Work to complete. All of the data below should be set down again verbatim, without any images.

Data segment.

◇ ◇ ◇ ◇

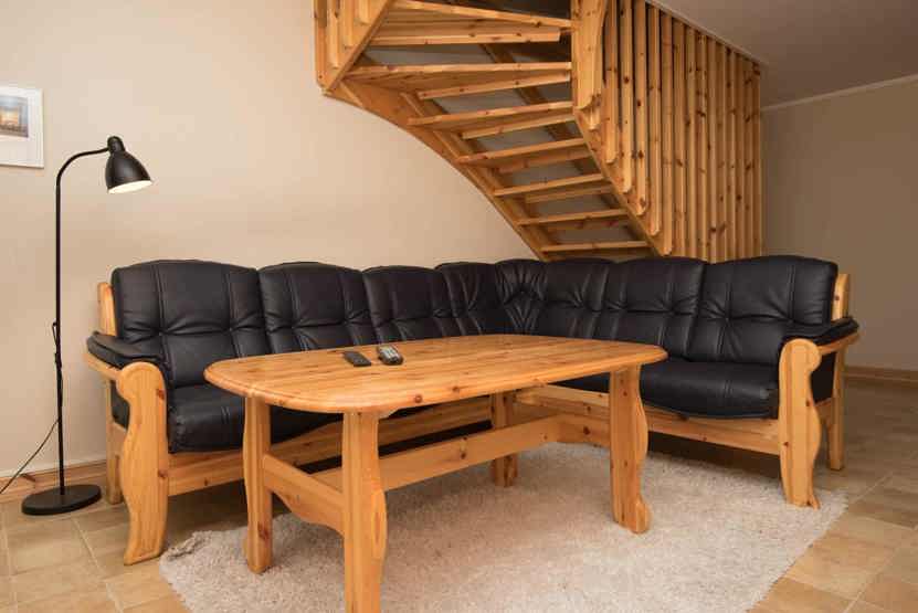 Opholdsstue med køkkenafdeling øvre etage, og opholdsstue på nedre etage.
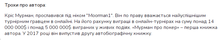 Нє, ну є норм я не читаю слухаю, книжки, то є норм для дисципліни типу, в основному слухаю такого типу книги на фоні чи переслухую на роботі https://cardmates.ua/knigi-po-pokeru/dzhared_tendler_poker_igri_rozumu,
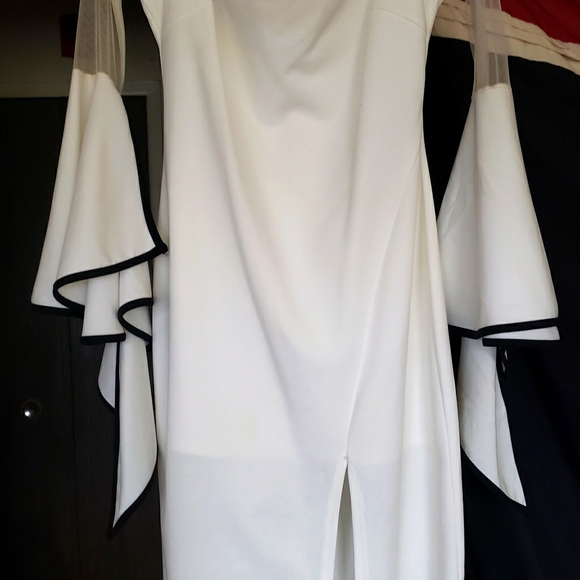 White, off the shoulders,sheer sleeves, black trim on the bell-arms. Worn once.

◇ ◇ ◇ ◇

Solution below.
 Opholdsstue med køkkenafdeling øvre etage, og opholdsstue på nedre etage.
 Нє, ну є норм я не читаю слухаю, книжки, то є норм для дисципліни типу, в основному слухаю такого типу книги на фоні чи переслухую на роботі https://cardmates.ua/knigi-po-pokeru/dzhared_tendler_poker_igri_rozumu,
 White, off the shoulders,sheer sleeves, black trim on the bell-arms. Worn once.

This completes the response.